NEW YORK CITY: Actors’ Equity Association has released its second diversity and inclusion report, three years after their first such report in 2017. The report tracks the demographics of the union’s hired acting and stage management members as well as how much they were paid for the years 2016-2019. The study finds that while there has been improvement for marginalized communities, that growth has been modest, gradual, inconsistent, and “not enough to change longtime problems in the industry,” according to a press release.
“Moving forward, Equity intends to publish a diversity report on an annual basis to hold ourselves and the entire industry accountable,” said executive director Mary McColl in a statement. “It is our duty to be part of the solution, to work to tear down barriers and rebuild a structure that is truly inclusive.”
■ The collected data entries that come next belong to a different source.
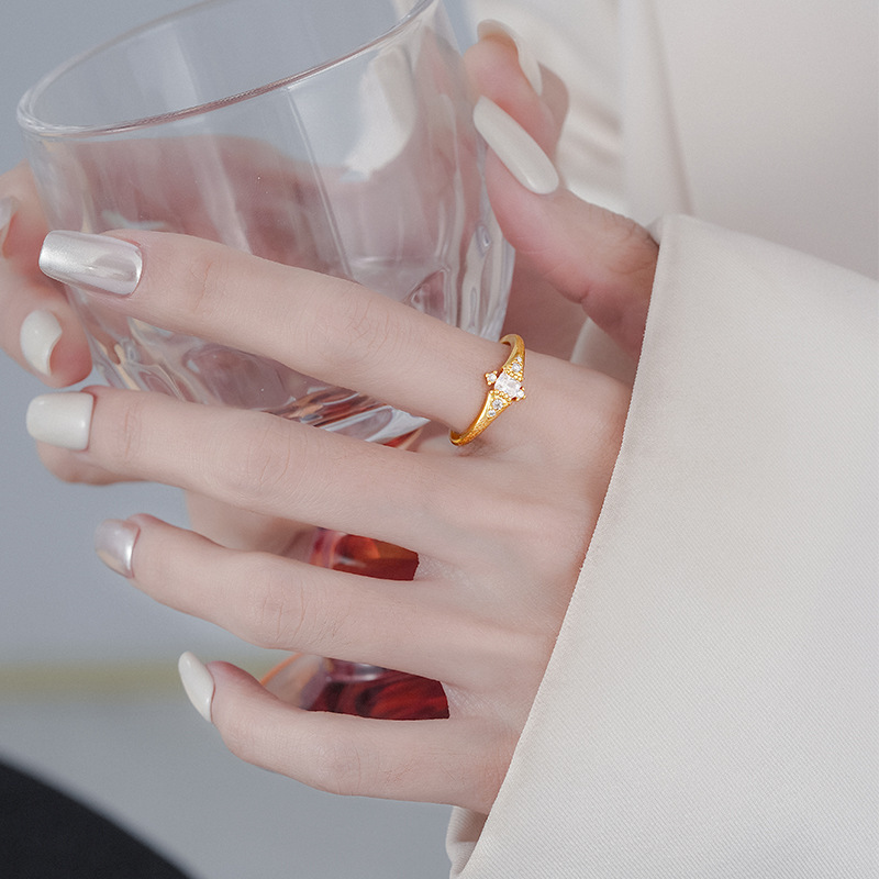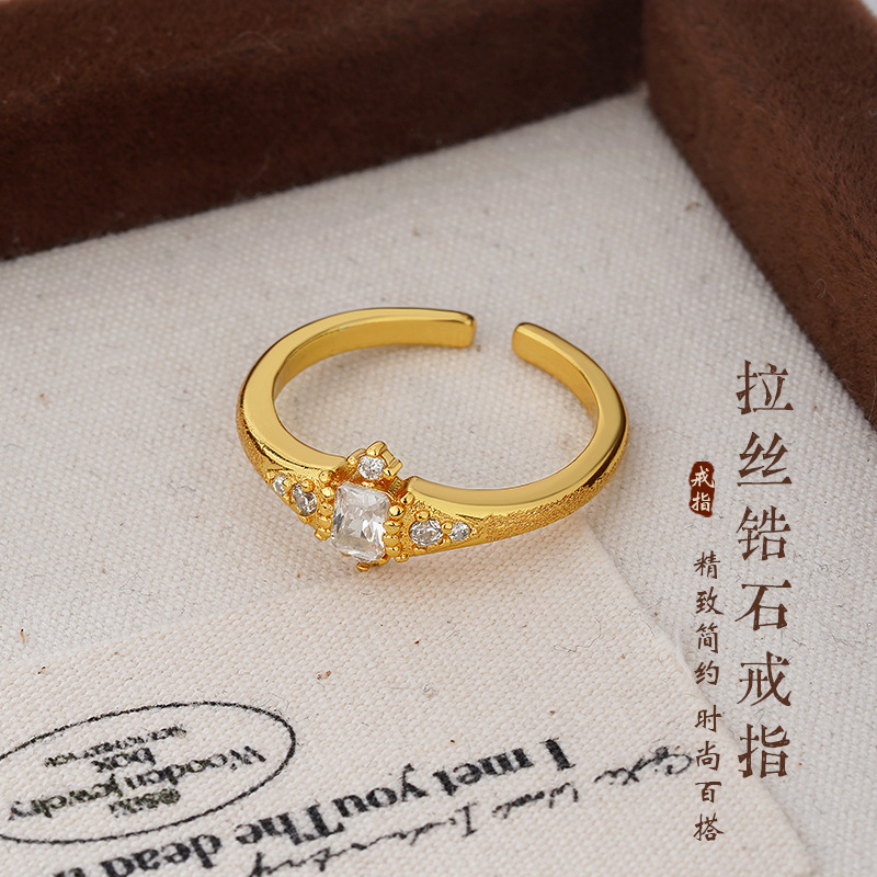 新款简约素圈拉丝锆石戒指设计感气质轻奢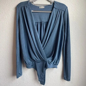 Free People Intimately Turnt Bodysuit Slate Blue Small V Neck Wrap Long Sleeve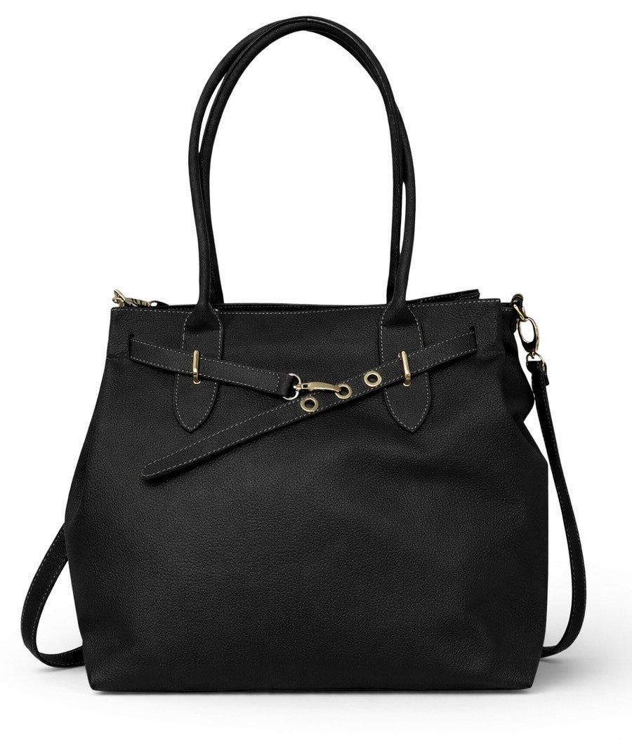 Business τσάντα από δέρμα με διακριτικές λεπτομέρειες και αποσπώμενο λουράκι που ρυθμίζεται στο επιθυμητό ύψος για να φοριέται και χιαστί.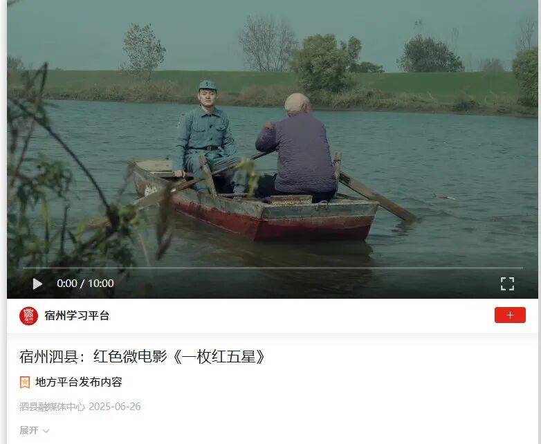 为留念抗日和平暨世界反和平胜利80周年,泗县细心创做红色微片子《一枚红五星》,活泼展示军平易近鱼水情深的动人故事,伟大抗和。正在干部群众中激发强烈热闹反应,成为泗县爱国从义教育的活泼教材。

The study, which provides national results as well as breakdowns by region and by contract (production contracts versus LORT contracts, for instance), can be read in full online.
Among the findings, the report shows that overall contracts going to people of color—defined here as individuals who “actively opt to self-identify as non-white or [non]-European American”—has increased from 15.3 percent of contracts in 2017’s study to 23.3 percent in the current study, with Black members making up 45.7 percent of that increase. The study does point out that this doesn’t necessarily indicate industry-wide improvement, citing as an example that much of the increased representation for production contracts, which generally cover Broadway as well as national and international tours, can be attributed to multiple productions of Hamilton alone.
The study also notes that these improvements can vary depending on the job category, with chorus roles tending to be the more diverse than principal roles and stage management hiring seeming to be “the most resistant to change.” This lack of diversity, according to the study, is even more pronounced among members over 65 years of age. Contracts issued to members of color skew younger compared to white members, with zero contracts from 2016 to 2019 going to a member who self-identified to the union as both over 65 and Indigenous Hawaiian/Pacific Islander, Indigenous North American, or Middle Eastern/North African. Of all contracts for those 65 and older, 73.8 percent went to white members.
When it comes to gender, the study found that nationally, contracts that went to women increased from 43.5 percent of all contracts to 44.9 percent of all contracts. Of the 93,957 contracts nationally, only .65 percent went to individuals who identify as trans. The study also reemphasizes the gender pay gap, with men still earning more than everyone else, and non-binary or gender nonconforming members typically earning less than their cisgender peers.
In a press release, Equity stated that a supplemental report “breaking down the data by major theatrical markets” will be released later this year.